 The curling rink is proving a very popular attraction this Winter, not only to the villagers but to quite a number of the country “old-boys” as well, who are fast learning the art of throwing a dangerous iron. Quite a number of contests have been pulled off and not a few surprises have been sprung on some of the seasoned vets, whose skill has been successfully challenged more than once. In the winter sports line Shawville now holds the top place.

⁂

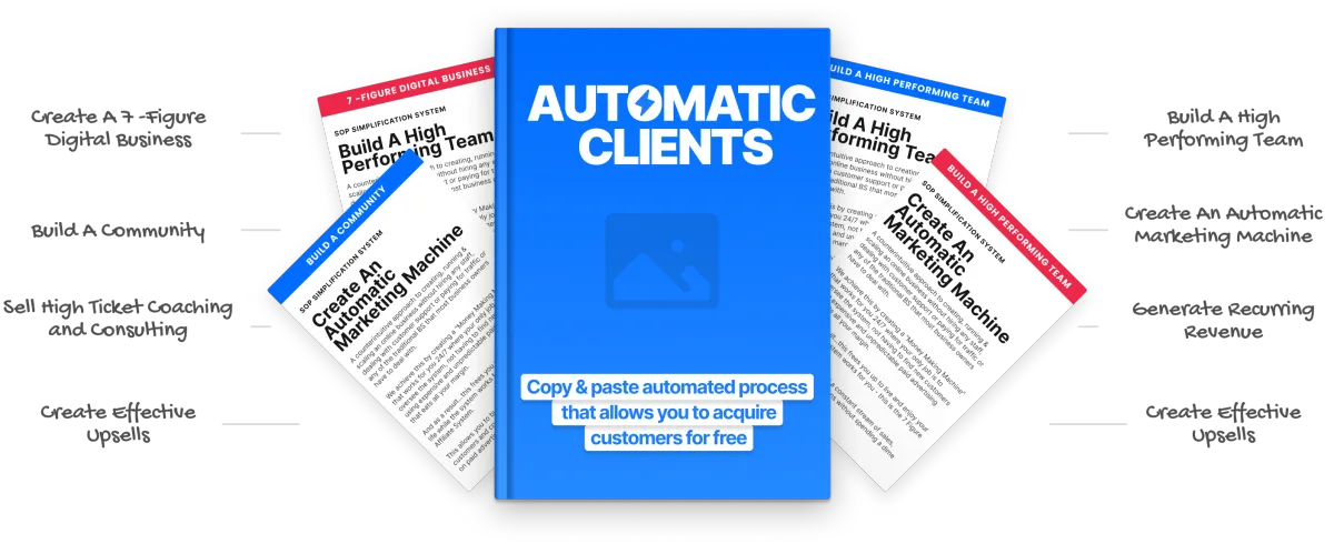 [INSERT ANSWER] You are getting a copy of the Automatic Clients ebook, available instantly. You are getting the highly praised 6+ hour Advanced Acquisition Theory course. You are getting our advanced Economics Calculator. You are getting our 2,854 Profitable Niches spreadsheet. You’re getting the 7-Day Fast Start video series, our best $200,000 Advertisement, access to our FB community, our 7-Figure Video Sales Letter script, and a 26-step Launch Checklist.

⁂

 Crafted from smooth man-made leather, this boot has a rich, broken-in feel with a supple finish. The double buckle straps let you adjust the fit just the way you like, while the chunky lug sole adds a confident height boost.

⁂

Task description
Using the records above, select and copy every line that has the word "this".

Exercise response
 The curling rink is proving a very popular attraction this Winter, not only to the villagers but to quite a number of the country “old-boys” as well, who are fast learning the art of throwing a dangerous iron. Quite a number of contests have been pulled off and not a few surprises have been sprung on some of the seasoned vets, whose skill has been successfully challenged more than once. In the winter sports line Shawville now holds the top place.
 Crafted from smooth man-made leather, this boot has a rich, broken-in feel with a supple finish. The double buckle straps let you adjust the fit just the way you like, while the chunky lug sole adds a confident height boost.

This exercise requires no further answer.